🤖 AI Summary
This work addresses the challenge of irregular memory accesses, which lack temporal or spatial address patterns and thus evade efficient handling by conventional prefetchers, often at high storage cost. The paper proposes Instruction Correlation-based Prefetching (ICP), a novel mechanism that abandons assumptions about address correlation and instead exploits stable data dependencies among instructions that generate irregular memory accesses. By leveraging outcomes of already-executed instructions to predict future access addresses, ICP achieves lightweight yet effective prefetching. Requiring only 2.1 KB of storage—three orders of magnitude smaller than comparable approaches—it outperforms state-of-the-art temporal prefetchers, delivering speedups of 14.0% over Triangel and 6.0% over DMP on SPEC CPU and GAP benchmarks, respectively.
📝 Abstract
Irregular memory accesses pose challenges for effective and efficient data prefetching. While temporal prefetchers have recently shown promise for irregular memory access patterns, their effectiveness fundamentally depends on temporal address recurrence and large metadata storage. When memory addresses exhibit weak or no recurrence, as in indirect memory accesses, temporal prefetchers achieve limited performance gains while incurring substantial storage overhead.
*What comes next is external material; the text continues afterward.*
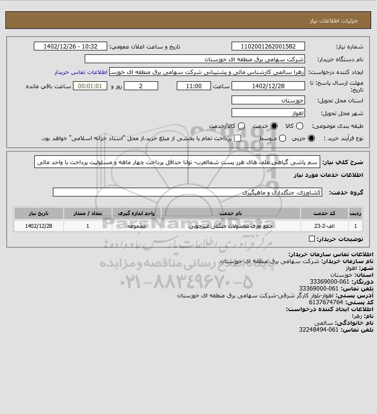 شرح کلی نیاز: سم پاشی گیاهی علف های هرز پست شمالغرب- توانا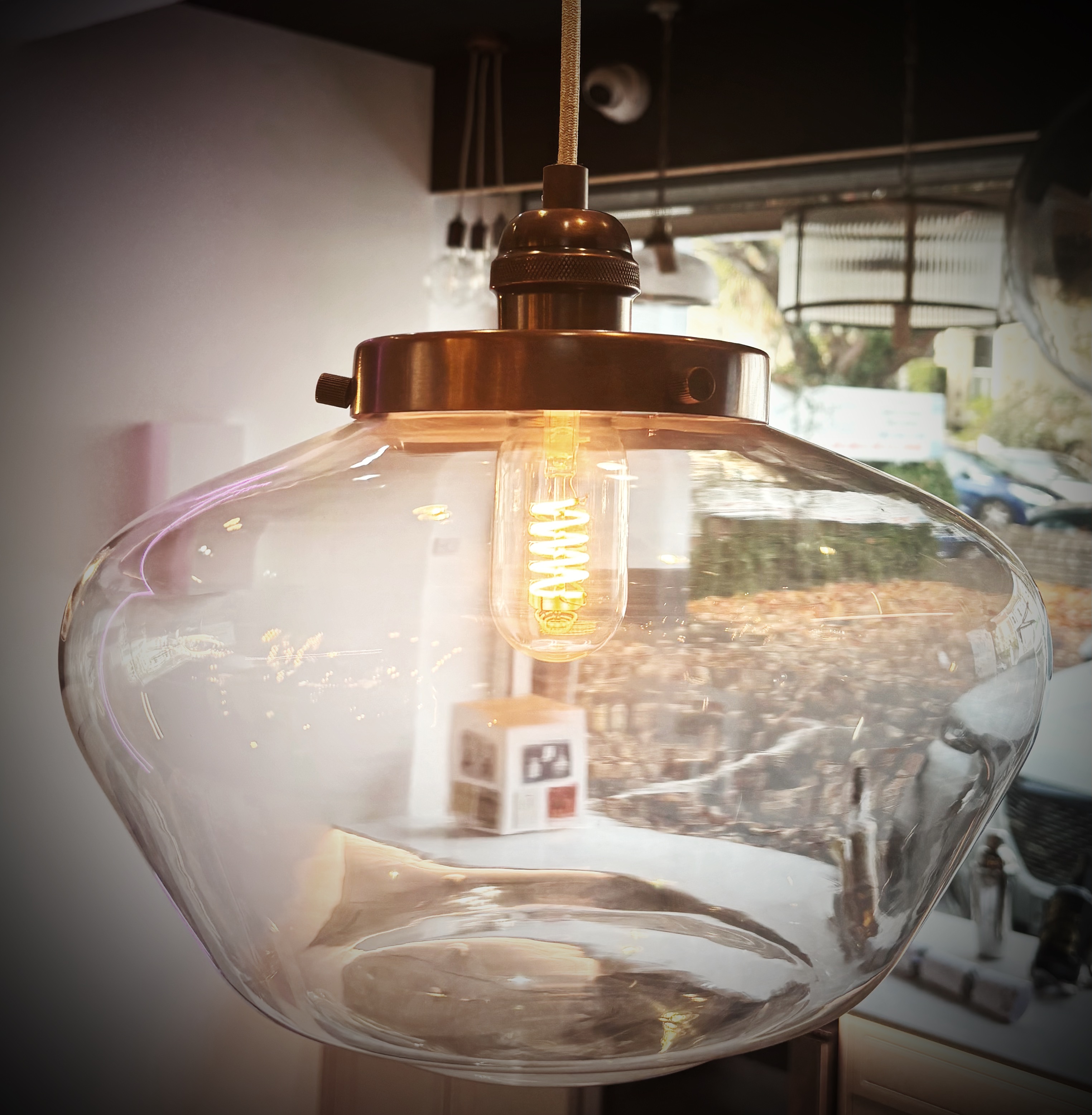 A timeless classically inspired 300mm handblown glass pendant. This beautiful stepped glass shape is a classic look and a famous design. It has an art deco feel. This is a lovely statement light, complete with an aged copper holder and ceiling rose, and 1.5m of linen fabric natural cable. Each pendant takes an E27 LED and would suit a decorative filament led like a squirrel cage or LP60.

This paper proposes Instruction-Correlation Prefetching (ICP), a new hardware prefetching mechanism that exploits instruction-level correlations rather than memory-address correlations to handle irregular memory accesses. ICP observes that although memory addresses may not repeat, the instructions generating them often recur with stable data-dependency relationships. By learning these persistent instruction correlations, ICP speculatively computes and prefetches future irregular accesses using the execution results of their correlated predecessors. Across irregular SPEC CPU and GAP benchmarks, ICP outperforms the state-of-the-art temporal prefetcher Triangel by 14.0% and the indirect prefetcher DMP by 6.0%, while requiring only 2.1 KB of hardware storage, over three orders of magnitude smaller than temporal prefetchers.